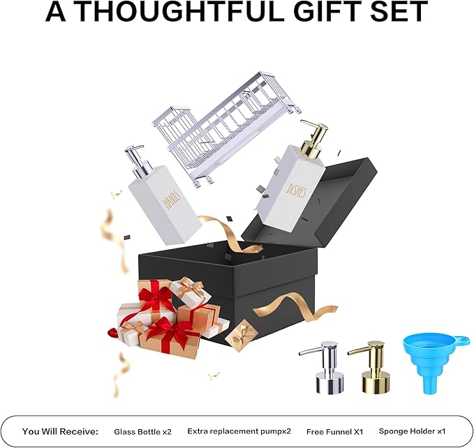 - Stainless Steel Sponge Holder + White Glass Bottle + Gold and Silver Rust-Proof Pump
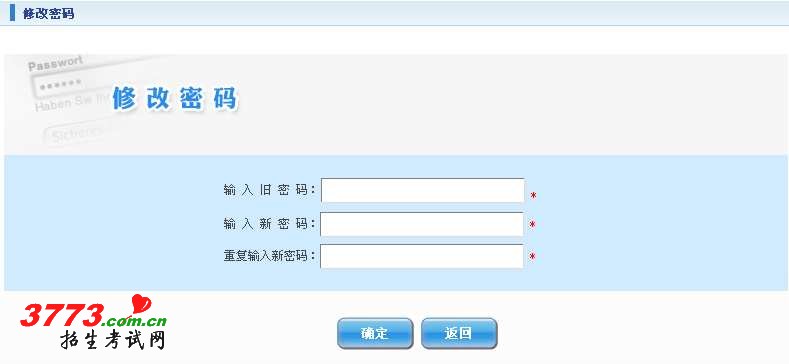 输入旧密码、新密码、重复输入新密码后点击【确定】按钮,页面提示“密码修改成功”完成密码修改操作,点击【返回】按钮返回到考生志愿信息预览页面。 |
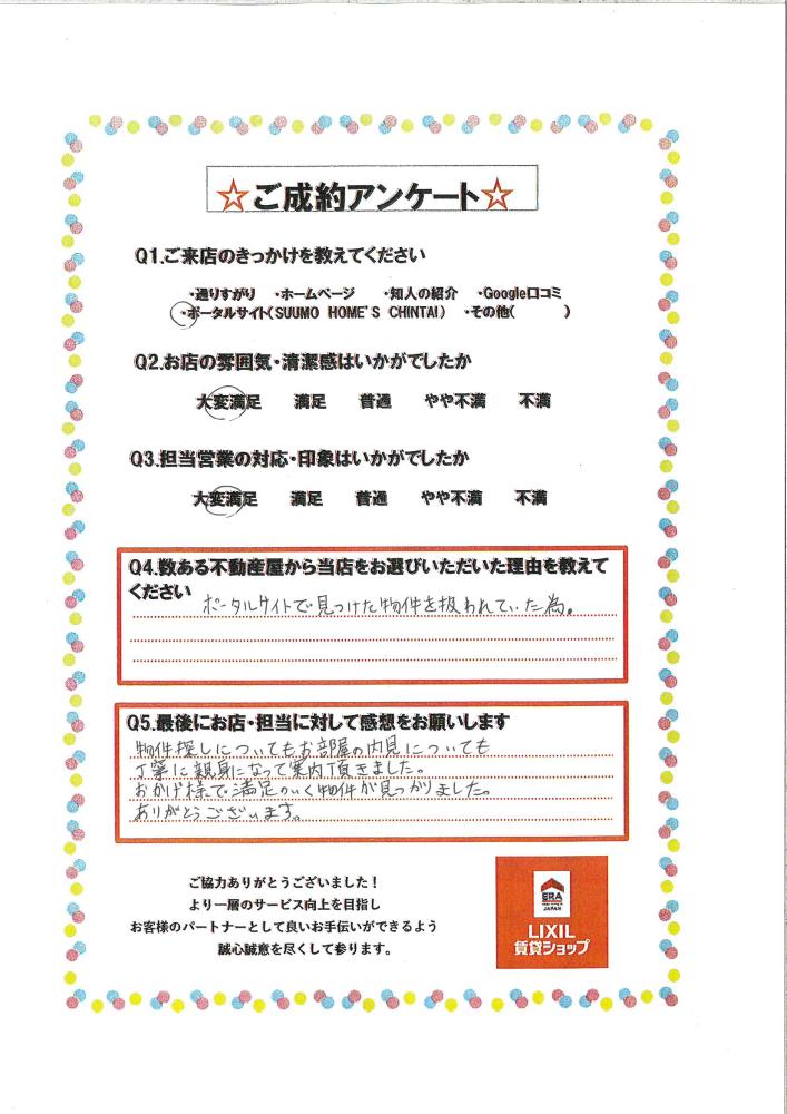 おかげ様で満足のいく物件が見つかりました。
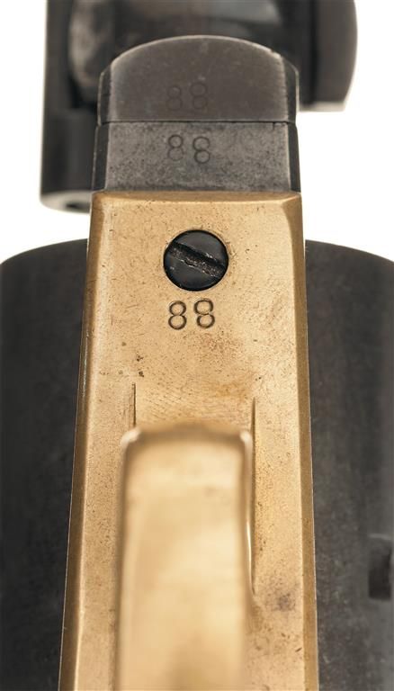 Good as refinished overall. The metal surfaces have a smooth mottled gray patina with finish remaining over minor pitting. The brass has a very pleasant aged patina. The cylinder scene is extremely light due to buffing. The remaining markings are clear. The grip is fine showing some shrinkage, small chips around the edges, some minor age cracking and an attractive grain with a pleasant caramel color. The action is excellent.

◆ ◆ ◆ ◆

◆ **Directions**: Would you retype exactly the lines running from the line that contains "おかげ様で満足のいく物件が見つかりました。" through the end of the listing above, both included? Skip every picture.

◆ **Result for this task**:
 おかげ様で満足のいく物件が見つかりました。
 Good as refinished overall. The metal surfaces have a smooth mottled gray patina with finish remaining over minor pitting. The brass has a very pleasant aged patina. The cylinder scene is extremely light due to buffing. The remaining markings are clear. The grip is fine showing some shrinkage, small chips around the edges, some minor age cracking and an attractive grain with a pleasant caramel color. The action is excellent.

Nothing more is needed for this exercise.